I have been doing research form a story involving a dream world. In my research, I moseyed into the works of Carl Jung. I won’t bore you with the details, although I really thought they were interesting. What I found incredibly interesting was his explanation of writers. Writers are an extension of the childhood fantasy.
I found that interesting because my childhood was filled with
elaborate play times. I was never a Barbie person, but I loved My Littlest Pet
Shop. I had houses with lights. I had miniature furniture. They had leaders and
couples and kids. I actually don’t remember much of the “reality” of my
childhood. I think that’s because I spent most of my time in fantasy. I could
spend the entire day locked in my room following the stories of my figures. It
really shouldn’t have been a surprise when I started writing.

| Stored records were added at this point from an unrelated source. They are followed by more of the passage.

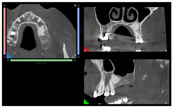 Two-dimensional (2D) X-ray is the first level X-ray examination in dentistry. When further investigation is needed, such as volumetric data, a three-dimensional (3D) X-ray is required to improve the diagnosis. Computed tomography was first developed in 1972, but its technology uses large and expensive devices that exposes patients to relatively high doses of radiation [1]. The X-ray that offers 3D images with relatively low costs and radiation doses in a more compact device is the cone beam computed tomography (CBCT). CBCT has been utilized in dentistry since the second half of 1990 [2], and its radiation doses fall into a range from 19 µSv to 1073 µSv [3]. CBCT is prescribed in dentistry for evaluating conditions such as impacted teeth, apical lesions, and diseases of the jaws. In implant dentistry, CBCT is used for presurgical diagnosis, preoperative planning, and preoperative assessments [4]. Dental implants improve the performance of oral prosthetic rehabilitation, but they involve invasive surgery with flaps and hemorrhagic risks. Guided surgery allows more stable and comfortable prosthetic rehabilitation even to high-bleeding-risk (HBR) patients [5]. Thanks to 3D images, guided surgery allows us to plan and execute, in many cases, a flapless surgery. Sometimes it helps the immediate loading of the implants placed [6,7]. Drill guides are performed by the technician who receives the 3D X-ray exam; thus, communication is fundamental for agreeing on treatment goals and surgical procedures. Moreover, it has been shown that the precision of CBCT images and the quality of the software used are discriminating for the performance of the drill guide. Compared with freehand implants, navigated implants allow highly accurate implant placement; a margin of −2 mm is necessary due to a deviation of more than 1 mm [8]. The diagnosis and therapy in oral pathology and, generally, in all branches of medicine [9] have become more accurate and more precise [10]. This is due to not only technical but also technological and cognitive improvements. In this way, professions become more specialized, needing more specific updating. The solution is to improve the communication between different practitioners studying the same clinical case to cure the pathologies patients ask us to. In this article, the case of a multidisciplinary approach is reported in order to find a better and minimally invasive diagnosis and treatment, thanks to the multidisciplinary discussion.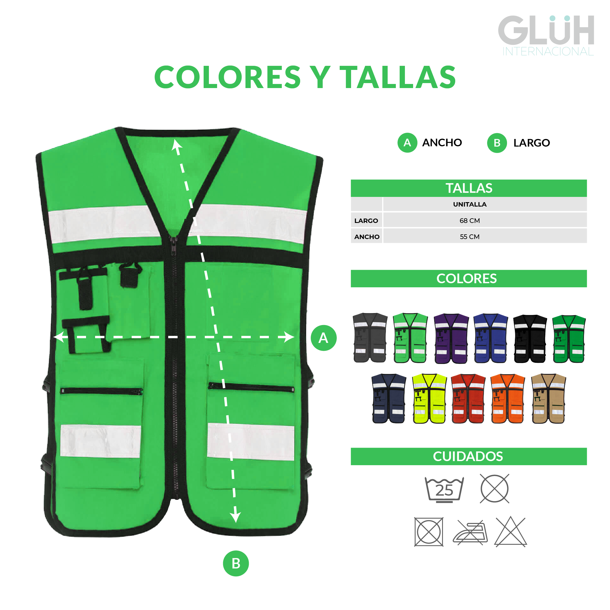 Acabado premium con contorno en bies negro que prolonga el tiempo de vida del chaleco. Sus cintas reflejantes tipo cristal en la parte frontal y trasera brindan mayor visibilidad.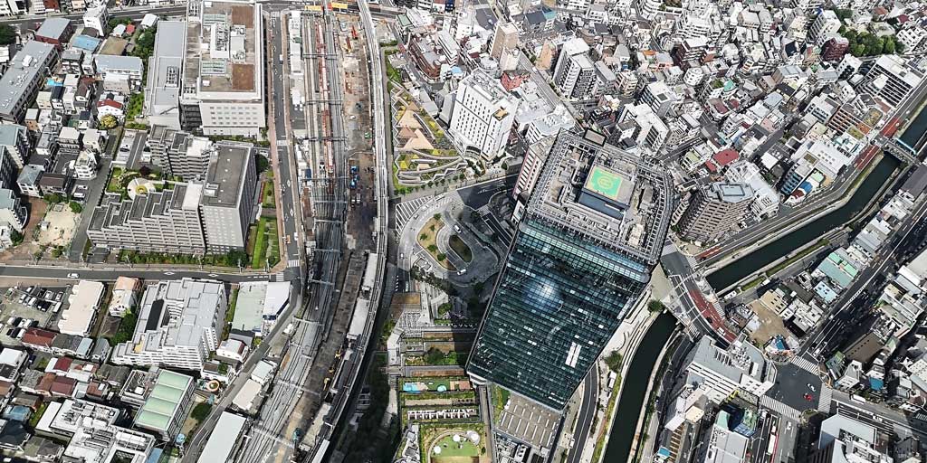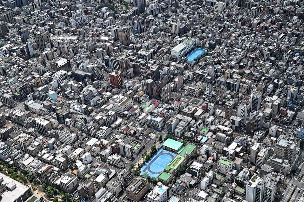 Blick aus dem Tokyo Skytree auf Sportplätze und Gebäude © 2023 Eric FischerBlick aus dem Tokyo Skytree auf Sportplätze und Gebäude

However, I think to say that writers are just those who
extend this ability to fantasize is too simplistic. I often describe the
difference as writer’s think different. I saw a picture floating around Facebook
last week. It showed the same cracked door in double pictures side by side. On
the left, it said a normal reaction: oh, look
the door is ajar. How weird. On the right was an elaborate thought process
that begins with the open door and ends with some murderous burglar hiding
inside. Or, just yesterday morning, I was coming down a hill into a city and saw a fog lifting...although I immediately envisioned an entire town on fire.
I am totally like that. I can turn
any situation and manipulate it into a mountain. Besides the paranoid, I also
do this in other areas of life. Before a presentation, I might go through
countless scenarios of how it could go, what would be the others responses, and
how I would react.
But I also interpret ordinary
things differently. My mom loves to tell the story of how I used to say “please
lock my shoes” instead of “buckle my shoes.” I viewed it different…and I still
say locking makes sense. I can still switch words like that. It might not be as
blatantly wrong, but my editors are life savers for the subtly different.
I am a thinker. In fact, the only time my mind is not “moving”
is when I’m reading, talking, or sleeping. Any other time, I am thinking. I
think about life. I think about the colors before me. I think about stories. I
think about motivations and goals of real people—like they are characters. I
think and think and think. In fact, I thought of this blog post while changing
the sheets on my bed.
But that is probably a necessity in the writing world. If I wasn’t
a thinker, then I couldn’t figure out what to write. Plots wouldn’t develop and
characters wouldn’t form. It is the ponderings that nurture a story.
I always knew I was different. I spent a lot of time trying
to fight it. But I think we need to embrace these differences. I could not
write without them. So, in short, I am an extension of childhood, quirky,
weird, and an over thinker…and I wouldn’t have it any other way.